4) kill one of the bricks
5) stop the dd using ctrl+c
6) rm -rf the directory 'dir'
7) do gluster volume start <volname> force
8) gluster volume heal <volname> info will show the stale file gfid entry on the brick which just came up.

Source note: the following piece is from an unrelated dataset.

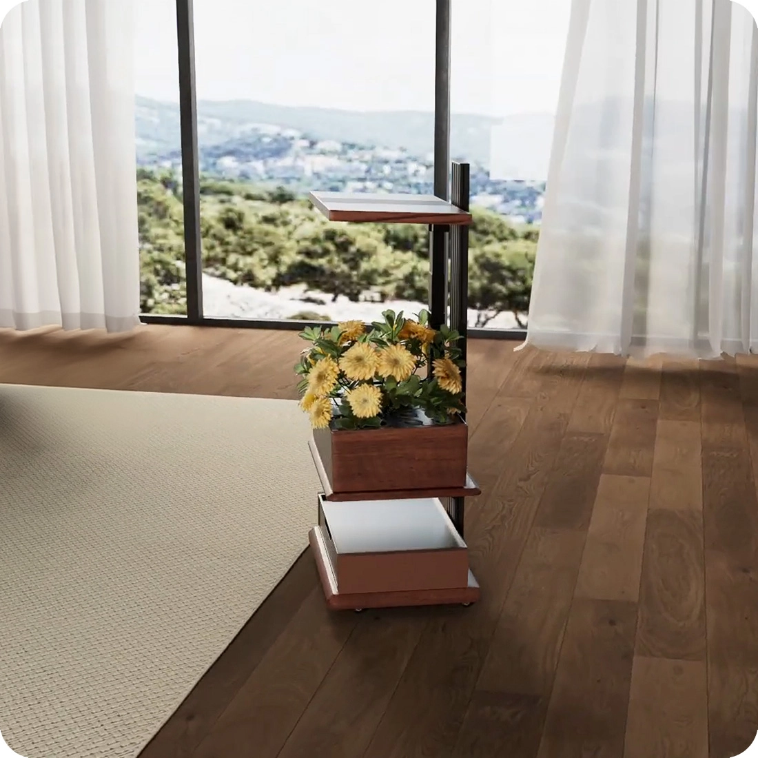 So können Sie den Blumenständer in jedem Raum Ihrer Wohnung aufstellen. Ohne sich Sorgen zu machen, dass er die Ästhetik Ihrer Wohnung beeinträchtigt.

[root@pranithk-laptop r2]# gluster volume heal r2 info
Gathering Heal info on volume r2 has been successful

Brick pranithk-laptop:/gfs/r2_0
Number of entries: 1
<gfid:466cadc3-880f-45a7-a17d-4b4f183bdb3f>

Brick pranithk-laptop:/gfs/r2_1
Number of entries: 0
[root@pranithk-laptop r2]# ls /gfs/r2_0/.glusterfs/landfill/
d785558b-9dfc-4750-9687-6704fe71cbef
[root@pranithk-laptop r2]# ls /gfs/r2_0/.glusterfs/landfill/d785558b-9dfc-4750-9687-6704fe71cbef/
a
[root@pranithk-laptop r2]# ls /gfs/r2_0/.glusterfs/landfill/d785558b-9dfc-4750-9687-6704fe71cbef/a ^C
[root@pranithk-laptop r2]# getfattr -d -m . -e hex /gfs/r2_0/.glusterfs/landfill/d785558b-9dfc-4750-9687-6704fe71cbef/a 
getfattr: Removing leading '/' from absolute path names
# file: gfs/r2_0/.glusterfs/landfill/d785558b-9dfc-4750-9687-6704fe71cbef/a
trusted.afr.r2-client-0=0x000000010000000000000000
trusted.afr.r2-client-1=0x000000010000000000000000
trusted.gfid=0x466cadc3880f45a7a17d4b4f183bdb3f

Reason for the issue:
When the brick is restarted again, self-heal has to remove the directory 'dir' which is moved to landfill by posix because of the flags indicated by self-heal in rmdir fop. Janitor thread is run every 10 minutes, until then the stale entry shows up in the output of 'gluster volume heal <volname> info' Because the gfid-handle exists until the janitor thread deletes the stale entries in landfill.